Sun Chenjin believes that at present, domestic index enhancement funds, whether managers or customers, pay more attention to returns, and the tolerance range for tracking errors of benchmarks is relatively large. However, in a mature market such as the United States, the error of index enhancement funds and even active funds relative to the benchmark index is relatively small, which can ensure that the fund can keep up with the benchmark index, obtain a distinct investment style of the underlying index, and comprehensively bring the advantages of indexed investment to customers. On the other hand, under the small tracking error, it can try its best to create a better investment experience for investors.

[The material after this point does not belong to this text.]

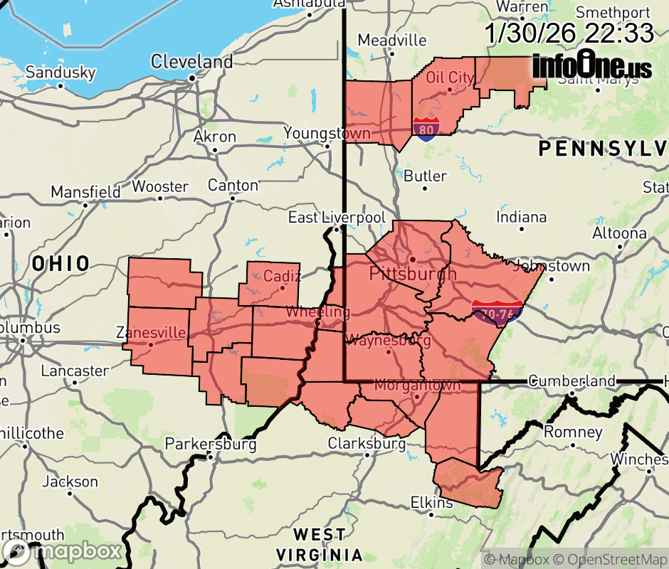 Canceled 1/30/26 11:25 PM Cold Weather Advisory issued January 30 at 10:32PM EST until January 31 at 11:00AM EST by NWS Pittsburgh PA * WHAT... Very cold wind chills as low as 20 below zero. * WHERE... Portions of east central Ohio, northwest, southwest, and western Pennsylvania, and northern and the northern panhandle of West Virginia. * WHEN... Until 11 AM EST Saturday. * IMPACTS... The cold wind chills as low as 15 below zero could result in hypothermia or frostbite if precautions are not taken. An extended period of freezing temperatures could cause ruptured water pipes. ![]() |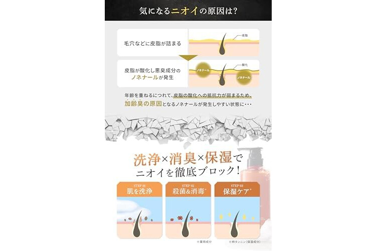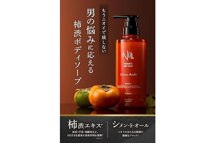 [Completely removes sweat and skin dirt to prevent odors from men] Contains persimmon tannin (moisturizing ingredient) and cymen-5-ol Prevents sweat odor, foot odor, and aging odor Daily body care thoroughly washes away sweat and sebum that can cause odors Fine foam cleans even deep pores thoroughly

Therefore, under various indexes, make "indexed" investments, strictly control tracking errors, and then look for deterministic excess returns. This may be the only way for the domestic fund industry to mature. Therefore, we believe that the enhancement of the index is an important direction for the development of quantitative investment in the future. In the domestic market, due to the large market volatility and the rapid rotation of various styles, our quantitative team strives to make enhanced investment in various indices through the quantitative investment framework to achieve a clear return model of Beta+Alpha. We firmly believe that in the future, quantitative index enhancement will become an excellent investment method recognized by investors.

Risk Warning:

Funds are risky and should be invested with caution. The opinions and comments provided in this material are for informational purposes only and do not constitute any operational advice or recommendation of the securities mentioned. This information is owned by our company, and without written permission, no institution or individual may make any deletion or modification of the content contrary to the original intention. The fund manager promises to manage the fund assets diligently and responsibly in accordance with the principle of integrity and rigor, but does not guarantee that the fund will be profitable, nor does it guarantee a minimum return. Past performance of a fund is not indicative of its future performance, and the performance of other funds managed by the fund manager does not constitute a guarantee of the performance of the fund. The mainland fund has been in operation for a relatively short period of time and does not reflect all stages of the development of the stock market. Before investing in funds, investors must carefully read the Fund Contract and Prospectus and other legal documents. If you need to purchase funds, please pay attention to the relevant regulations on investor suitability management, do a good risk assessment in advance, and purchase fund products with matching risk levels according to your own risk tolerance. The views expressed in the materials are personal and do not represent the position of the company, are not intended as investment advice, and are time-sensitive and for reference only.